• **Task description**
The answer must be only the lines below from the one holding "La pomme de" down to the one holding "Bereits in der", ends included, printed exactly; please omit all pictures.

• **Extracted entries**
+-------+

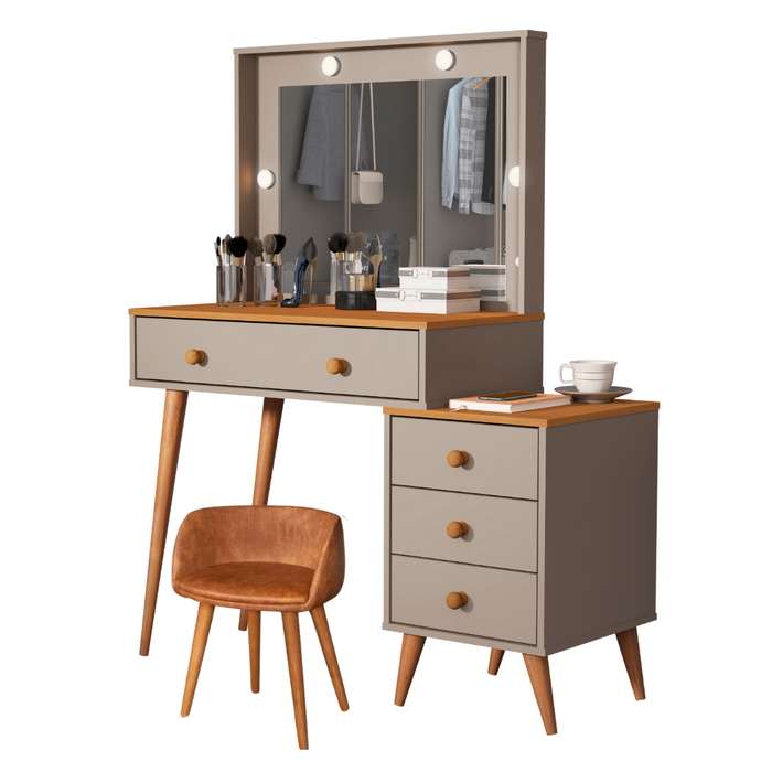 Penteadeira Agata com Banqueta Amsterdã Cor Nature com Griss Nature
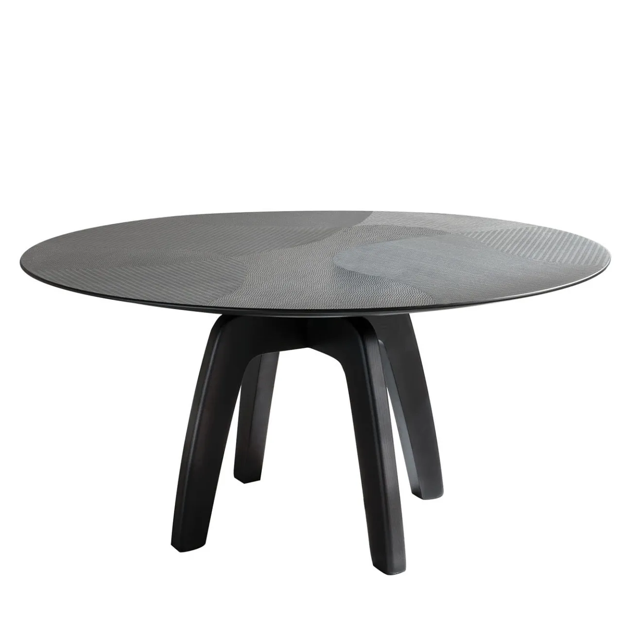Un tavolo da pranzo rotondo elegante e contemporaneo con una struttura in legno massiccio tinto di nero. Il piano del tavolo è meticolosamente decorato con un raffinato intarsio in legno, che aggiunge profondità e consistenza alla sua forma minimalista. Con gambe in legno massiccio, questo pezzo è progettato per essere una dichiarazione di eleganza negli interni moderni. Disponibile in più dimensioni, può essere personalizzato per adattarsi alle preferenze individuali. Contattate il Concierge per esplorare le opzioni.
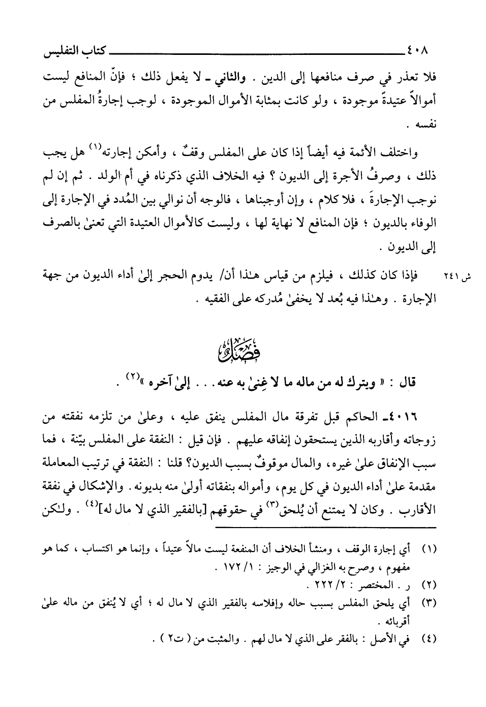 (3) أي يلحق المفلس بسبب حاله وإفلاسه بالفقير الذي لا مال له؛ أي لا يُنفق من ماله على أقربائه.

+-------+

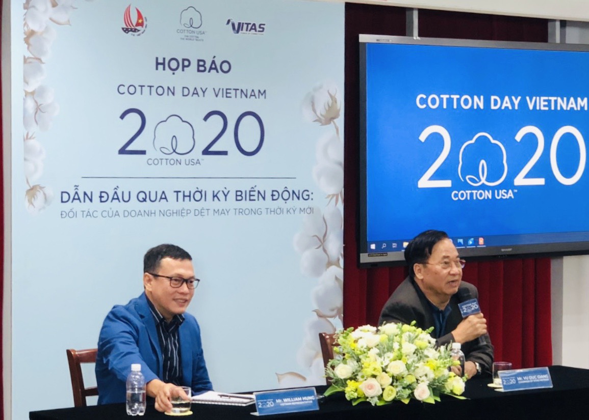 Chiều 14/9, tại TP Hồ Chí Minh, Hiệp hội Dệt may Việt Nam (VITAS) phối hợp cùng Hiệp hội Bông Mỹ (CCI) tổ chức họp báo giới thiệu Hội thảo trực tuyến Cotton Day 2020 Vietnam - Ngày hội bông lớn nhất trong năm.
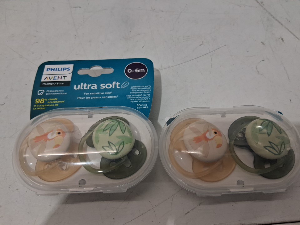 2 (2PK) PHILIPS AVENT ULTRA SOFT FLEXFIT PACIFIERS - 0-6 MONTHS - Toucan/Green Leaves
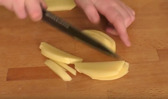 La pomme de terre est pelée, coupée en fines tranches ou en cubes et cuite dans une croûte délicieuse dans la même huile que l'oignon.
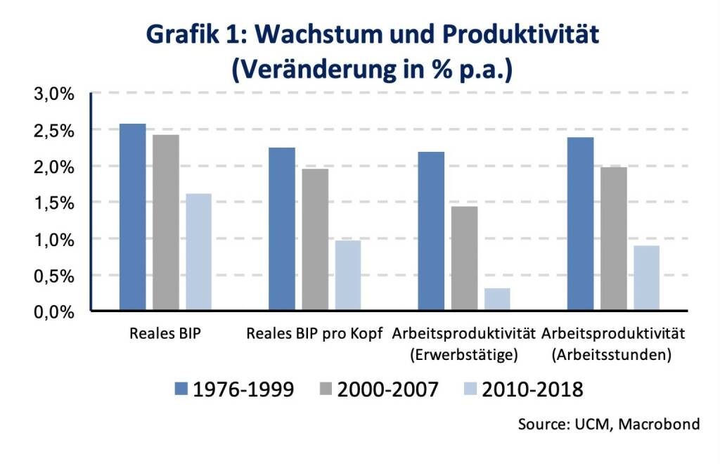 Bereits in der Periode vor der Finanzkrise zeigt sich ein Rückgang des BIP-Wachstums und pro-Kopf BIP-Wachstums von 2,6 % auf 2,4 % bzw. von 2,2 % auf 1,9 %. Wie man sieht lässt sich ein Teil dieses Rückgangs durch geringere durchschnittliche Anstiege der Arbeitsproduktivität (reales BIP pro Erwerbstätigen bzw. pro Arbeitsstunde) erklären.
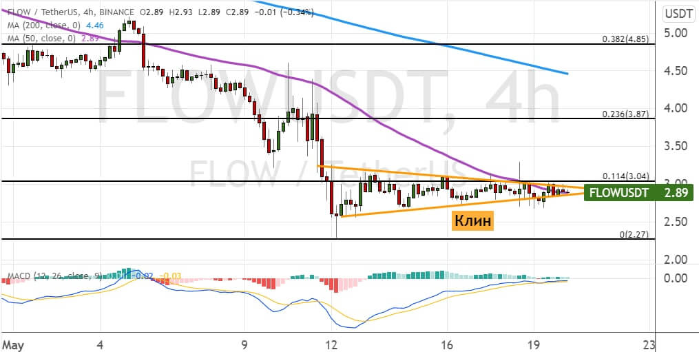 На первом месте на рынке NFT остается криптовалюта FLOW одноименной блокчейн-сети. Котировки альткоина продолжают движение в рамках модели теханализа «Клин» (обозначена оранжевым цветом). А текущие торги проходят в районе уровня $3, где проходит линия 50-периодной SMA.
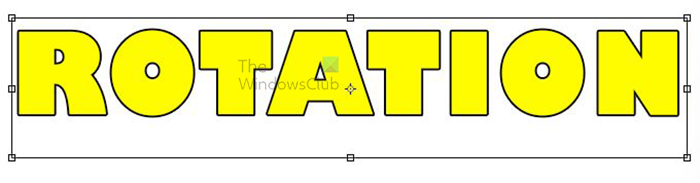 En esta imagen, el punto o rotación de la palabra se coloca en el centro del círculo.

+-------+

• **Answer for this exercise**
 La pomme de terre est pelée, coupée en fines tranches ou en cubes et cuite dans une croûte délicieuse dans la même huile que l'oignon.
 Bereits in der Periode vor der Finanzkrise zeigt sich ein Rückgang des BIP-Wachstums und pro-Kopf BIP-Wachstums von 2,6 % auf 2,4 % bzw. von 2,2 % auf 1,9 %. Wie man sieht lässt sich ein Teil dieses Rückgangs durch geringere durchschnittliche Anstiege der Arbeitsproduktivität (reales BIP pro Erwerbstätigen bzw. pro Arbeitsstunde) erklären.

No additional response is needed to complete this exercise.